The big fight is over a planned toxic waste disposal site in Lee, Massachusetts. Two environmental groups are arguing the EPA itself previously said disposing PCBs locally would be "less protective" (PDF) than shipping the waste out of state.

But the agency says it plans to design a site that would "meet or exceed" federal requirements for PCB landfills (PDF), and would contain waste that has such low levels of PCBs it would be safe to put it in a municipal landfill. Waste with higher concentrations would be shipped off-site.

The Housatonic River Initiative and the Housatonic Environmental Action League are also appealing the amount of PCBs that would be removed under the permit, saying not enough would be excavated, and that no PCBs will be cleaned up from the river in Connecticut.

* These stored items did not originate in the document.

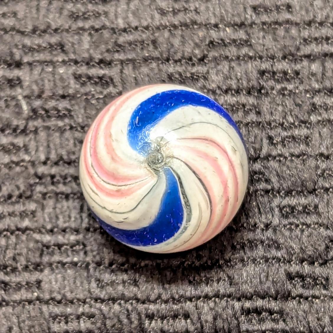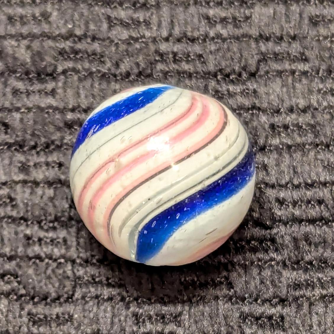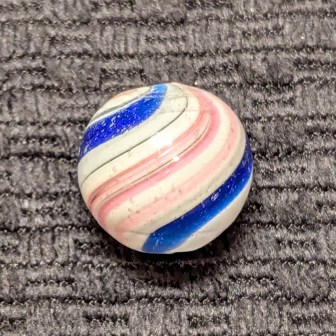 Peppermint Swirl w/ sets of 3 red (pink) lines. Nice balance of line symmetry, spin, and visual appeal. Mint original surface condition.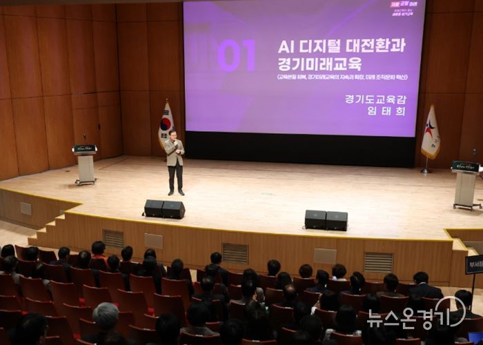 주요 순서는 ▲인공지능(AI) 디지털 대전환과 경기미래교육 주제 발표(교육의 본질회복, 경기미래교육의 지속과 확장, 미래조직문화 혁신) ▲인공지능(AI) 전환 시대에 따른 교육정책 방향 제시 ▲경기교육 디지털 플랫폼 ‘지원이(G-ONE)’ 안내 등으로 진행했다.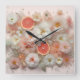 Delicate blossoms and sliced grapefruits are artfully arranged on a soft, light pink background with floating pearls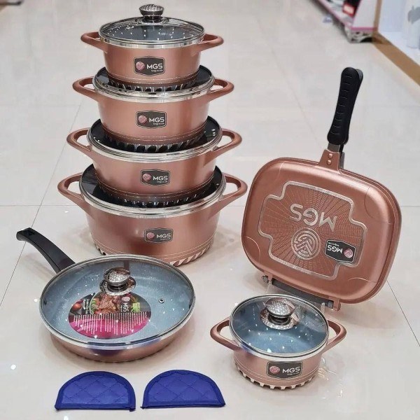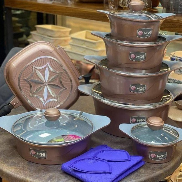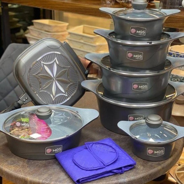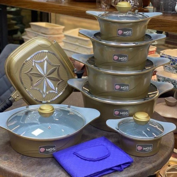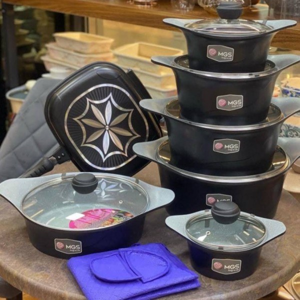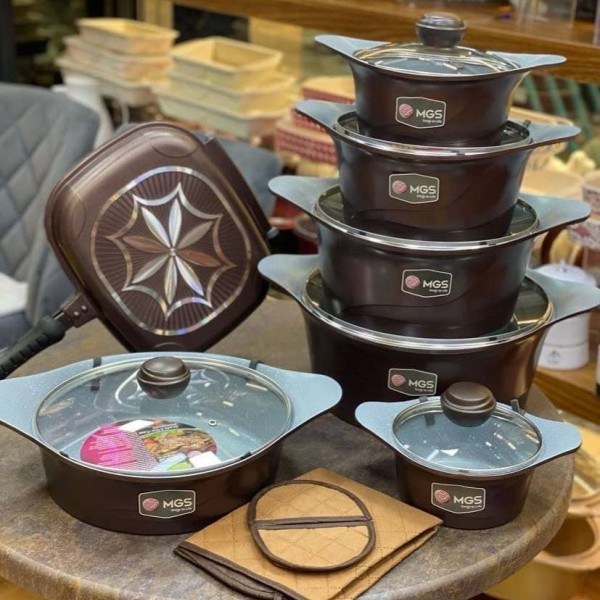 برند MGS جنس بدنه آلومینیوم طول 56CM عرض 53CM ارتفاع 44CM تعداد پارچه 17 جنس در پیرکس جنس روکش گرانیت طول عمر 12 سال قابل استفاده داخل فر گارانتی 18 ماه مقاومت در برابر حرارت تا 260 درجه سانتیگراد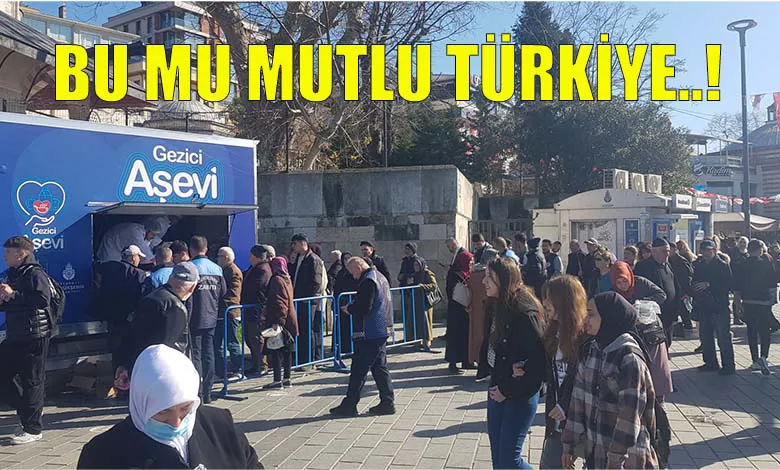 Üsküdar Meydanına kurulan İBB Aşevi önünde oluşan metrelerce kuyruk Türkiye Yüzyılında ekonominin geldiği durumu gözler önüne serdi.
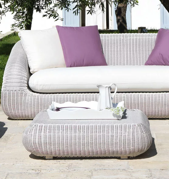 Handgeflochtene Kaffetische Ethimo Loto zeichnen sich durch das natürlich wirkende EtWick® Gestell mit rauer Oberfläche aus. Das EtWick® Geflecht der Ethimo besteht aus einem recycelbaren Kunststoff, dass absolut resistent gegen Witterungseinflüsse ist und im Laufe der Zeit farbbestängig bleibt.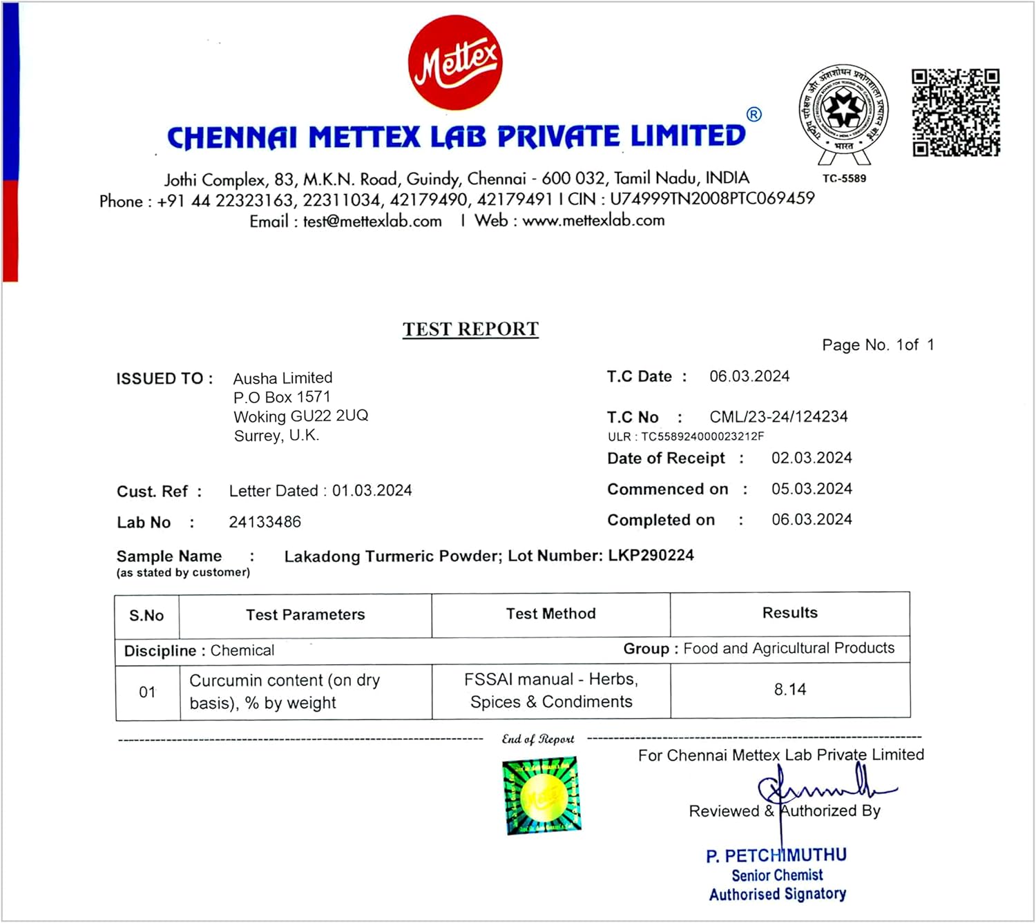 Ausha Lakadong Turmeric Powder 200G - 8-9% Curcumin - Double Strength Turmeric
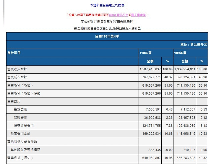 台積電110年淨利率-109年淨利率/109年淨利率

The environmental groups also want alternative technologies to be researched and used to treat PCBs in place, rather than excavate sediments.

General Electric used PCBs from the 1930s until the 1970s at its now-closed Pittsfield plant, which released them into the river. PCBs are considered a probable carcinogen. They can also cause adverse health effects in the endocrine, reproductive, immune and nervous systems.

Still, PCBs remain on the Housatonic's river bottom, where they're ingested by insects, which are consumed by fish. Signs along the river advise people not to eat the fish.

The cleanup of the first two miles south of the GE plant in Pittsfield, which was completed in 2006, utilized PCB dumps in Pittsfield and primarily out-of-state disposal facilities (PDF).

The Massachusetts Department of Public Health recently announced it will do a cancer study in Pittsfield, something it last did in 2002.